In the meantime, she held down jobs as a social worker for the state of Florida and as a realtor. She founded the Vegetarian Advocate’s Group. She created a support group for people with food addictions, and another group of “Citizens for Democracy.” And she wrote a book: Prancercise: The Art of Physical and Spiritual Excellence, which was back then an unpublished manuscript.
Last July, for the first time in nearly a decade, Joanna Rohrback discovered that she could prance once more. She knew it was time to share her creation with the world.
“I wake up and here it is, 2012. Oh my god, I had never fulfilled my dream,” she said. “The top of my bucket list.”
With no publisher, no backing, “no family helping me—I don’t have a boyfriend or anything,” Rohrback decided she would publish her book herself. The cover features two different pictures of her floating alongside a fiery white steed.
“This book finally let me experience my inner horse. I was like a child again, prancing through the woods. At one point, I was convinced I had four legs. A smile radiated from my face. I punched the sky, knowing that I was free. Call me Prancer, for I walk my path with joy.”
Sales are a little slow so far, she said, but it’s getting rave reviews on Amazon:
“I'm a man who used to weigh 340lbs. I used to lift weights to stay in shape, until I dropped a bar on my head and was knocked into a coma. While unconscious, an angel visited me in my hospital bed and commanded me to wake up and try Prancercise. I regained consciousness immediately and bought this book, and what a difference it has made in my life! I'm now 148lbs and have never felt better. I have to buy a new set of ankle weights though, since I had to remove my last pair to get away when a dozen teen girls came running after me the last time I was prancing through the park. Get this book! You won't regret it.”
Another:
“I’m a very lonely person with a lot of time of my hands thinking about all the friends I could have if I could just built up the courage to prance up to them and say hello.

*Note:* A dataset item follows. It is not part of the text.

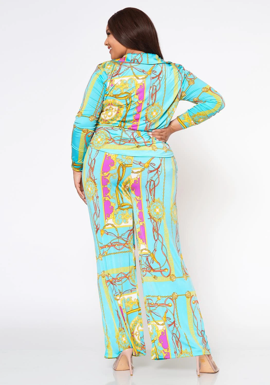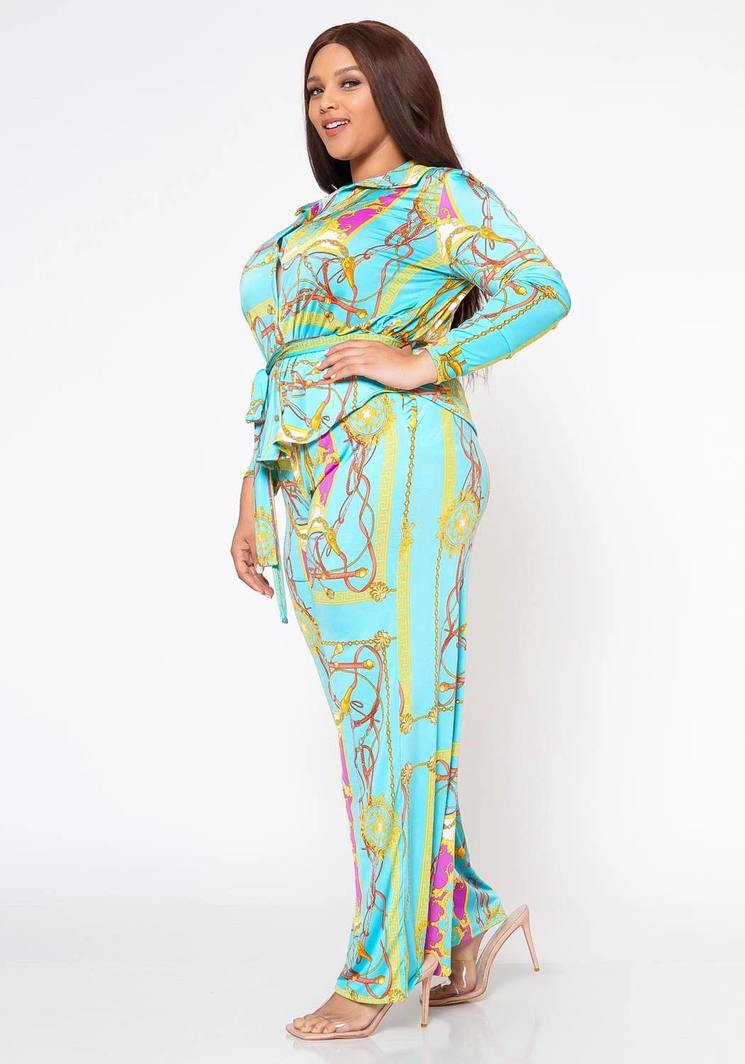 Goal getter plus size women’s set which features flare pants plus matching collared top with front button closure, waist tie hem, 3/4 long sleeves and full length choice.

I was doing my regular 2 am youtube surfing when I stumbled upon this angel from above Joanna. Now, instead of my usual starring [sic] at mirror and shout-crying for 20 minute intervals, I just prance the night away.”
Not all the reviews are positive, though:
“I was prancercing [sic] and accidentally pranced my way onto a rock and sprained my ankle. The doctor tried to shoot me! Stay away, unless you have strong legs.”
Rohrback says prancercising can have astounding results. She still does it every day—in her house. Florida is much too humid to prancercise outside, she said.
“You can go out and do something like this, in your own manner and your own form,” she says. “You don’t have to be like monkeys imitating each other in the gym.”